The fort is located along the coast, implanted west of Angra, in an area that historically permitted access to ships. Over a rocky coastal shore, the fort followed the slope until the sea level, today in the bathing area of Negrito. The sea pools are located in the east, with spaces to the east and south for sunbathing, accessible from stone steps, with garden, ovens, bar and parking along a western strip. Immediately nearby is the Forte da Igreja (Fort of the Church). Arranged along the battlements are various artillery pieces.

It is a rectangular fort with an inflected eastern zone, with a building in the interior occupying almost the entire north face.

The battlements extend along the coastal slope, with the exterior (to the west) escarpment facing the land, painted in white and corners in stonework.
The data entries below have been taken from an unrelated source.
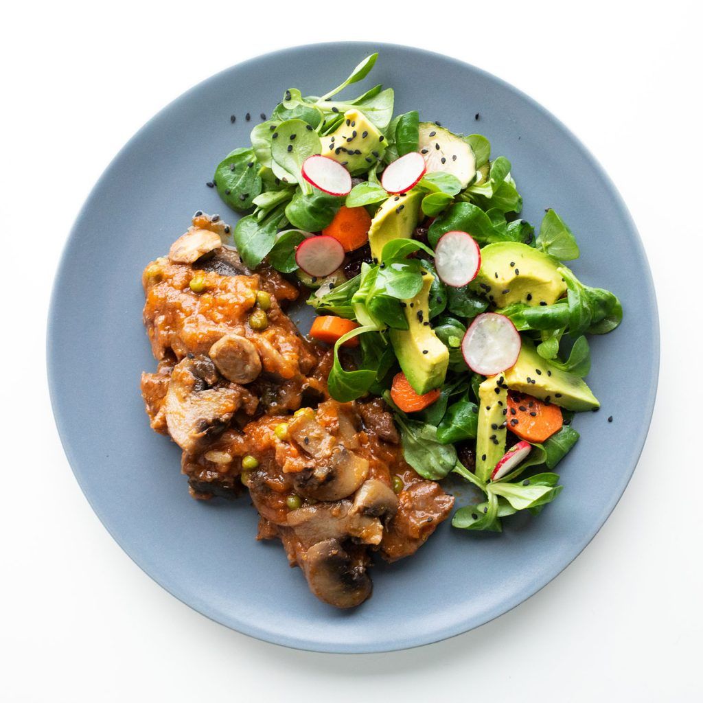 Ternera en Salsa con Champiñones y Ensalada de Encurtidos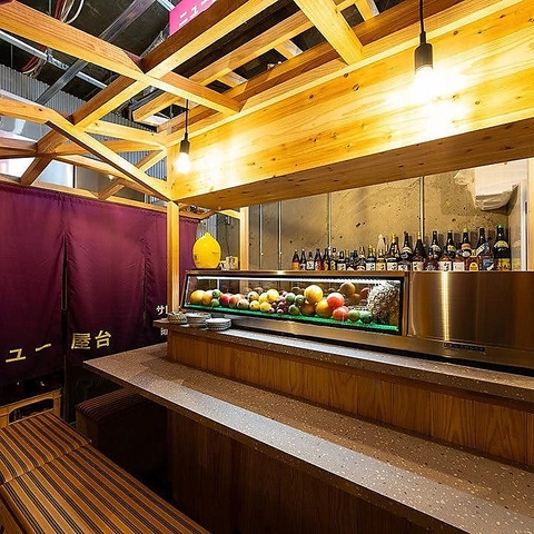 【屋台の常識を覆す!新感覚の屋台横丁】暖簾をくぐると、そこはまるで別世界!店内には6台の屋台がずらりと並んでいます。屋台に馴染みのない方も楽しめるよう、お店づくりには徹底的にこだわりました。周りを気にせずゆっくり過ごしたい方には、個室感覚で利用できる「貸切用屋台」もご用意◎
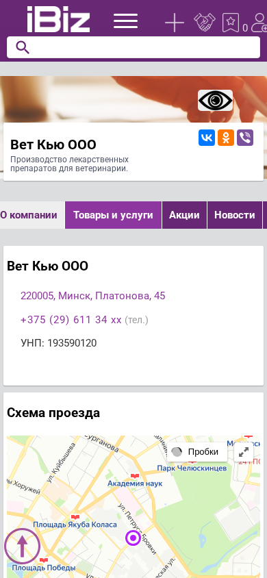 | AI-анализ | This website is for Вет Кью ООО, a company based in Минск, Belarus, located at Платонова, 45. The company specializes in the production of pharmaceutical products for veterinary use. The website provides information about the company, its products and services, and contact details, including a phone number (+375 29 611 34 xx) and the company's UNP number (193590120). The website also includes a map and directions for how to reach the company, as well as operating hours (Monday to Friday, 9:00 AM to 6:00 PM, without lunch breaks). The site is categorized under "Ветеринарные препараты - производство, продажа" in the Yandex Business Directory. |
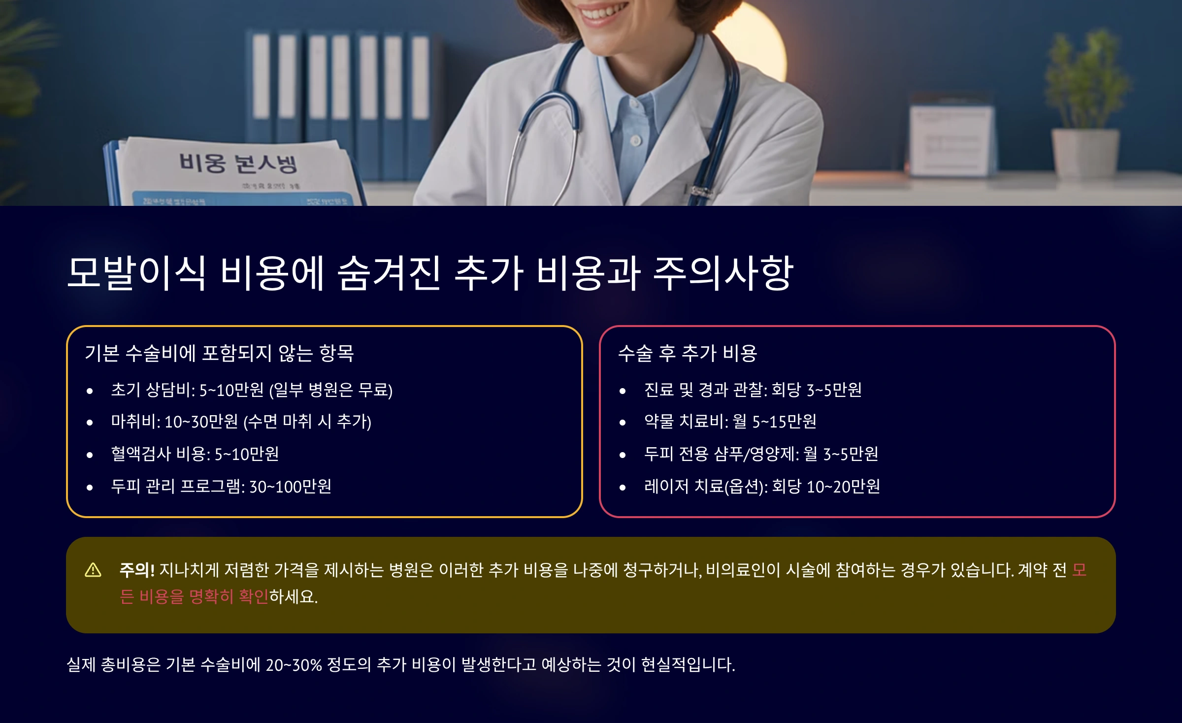 5. 모발이식 비용에 숨겨진 추가 비용과 주의사항 ⚠️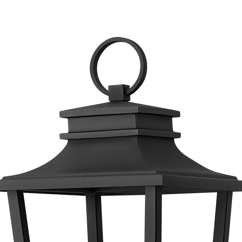 Sullivan’s clean transitional style features a minimalist cast aluminum body that frames the contemporary, candle-like etched opal glass. A large cast ring finial is mounted on top for a traditional finishing touch to this sleek lantern design.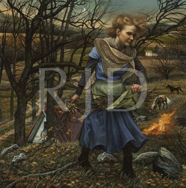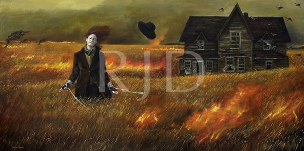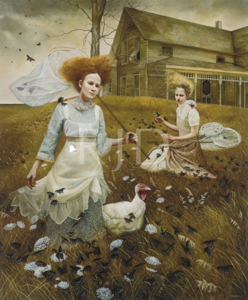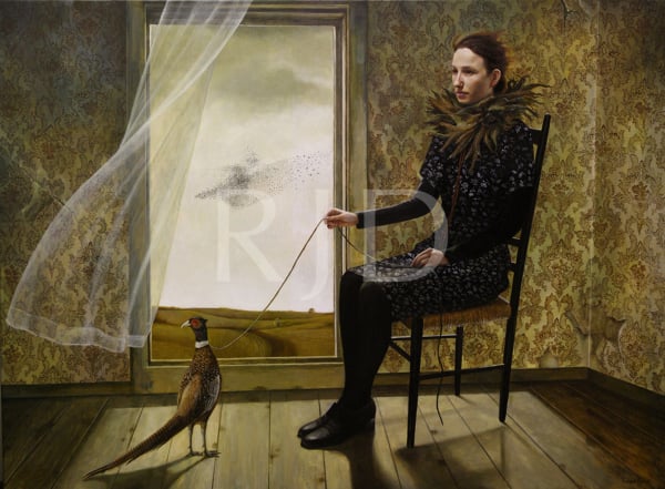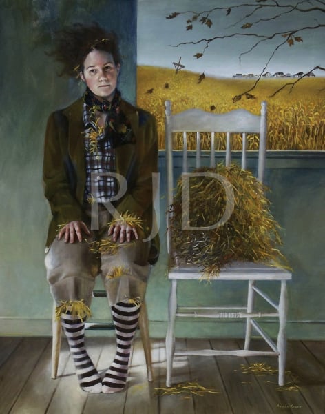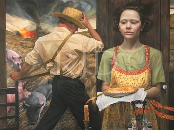 In juxtaposing the human form with animals and a bygone uninhibited American landscape, I provide glimpses into “rooms,” those often times chaotic places we possess internally. The rural, Mid-western landscape of my home state serves as backdrop for the stage of human emotions. The animals present are vehicles for expressing the feelings and underlying tensions suppressed behind the human mask. Symbolic explorations of the soul and events concerning our environment are expressed through the combination of these elements to transform personal ideas into universal metaphors.”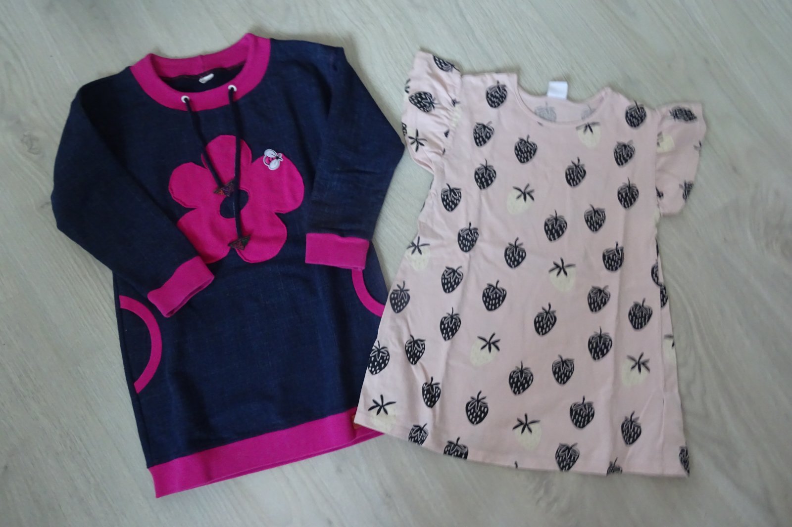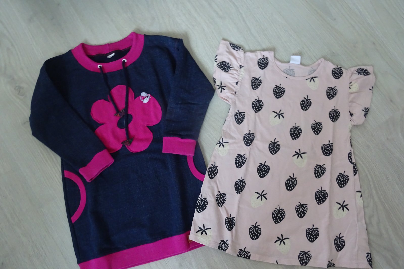 Ponúkam na predaj šaty pre dievčatko, svetlé šaty letné krátky rukáv značka Lindex č. 104, CD 50,5cm, šírka 31,5cm. Tmavomodré šaty s dlhým rukávom hrubšie značka Modelko č.104/110 CD 55cm. Obe pekný stav. Cena: 6 eur plus pošta alebo osobný odber Bernolákovo.

This area is crowned by a smooth parapet, while stonework covers the remaining facades, crowned in parapets with merlons and canons in the north and northeast corner, there with metallic tubular guard, painted in blue.

The facade that faces land is broken by a rectangular door, frame and almost at a right angle, three firing emplacements, also framed. In the fort's northwest angle protrudes the interior body, also visible above the northern curtain.

===Interior===
The interior has a rectangular plan, with simple volumes and homogeneous covering in tile, decorated in stark simple edge. The walls are decorated and painted in white, with corners in stonework and principal facade to the south, broken by two rectangular doors, all framed.

Within the interior, there are two small dependencies, the smallest for the guard, and the other acting as warehouse. The walls in these interiors are painted in white, with the corners and ceiling stuccoed. The large courtyard has covered in pavement.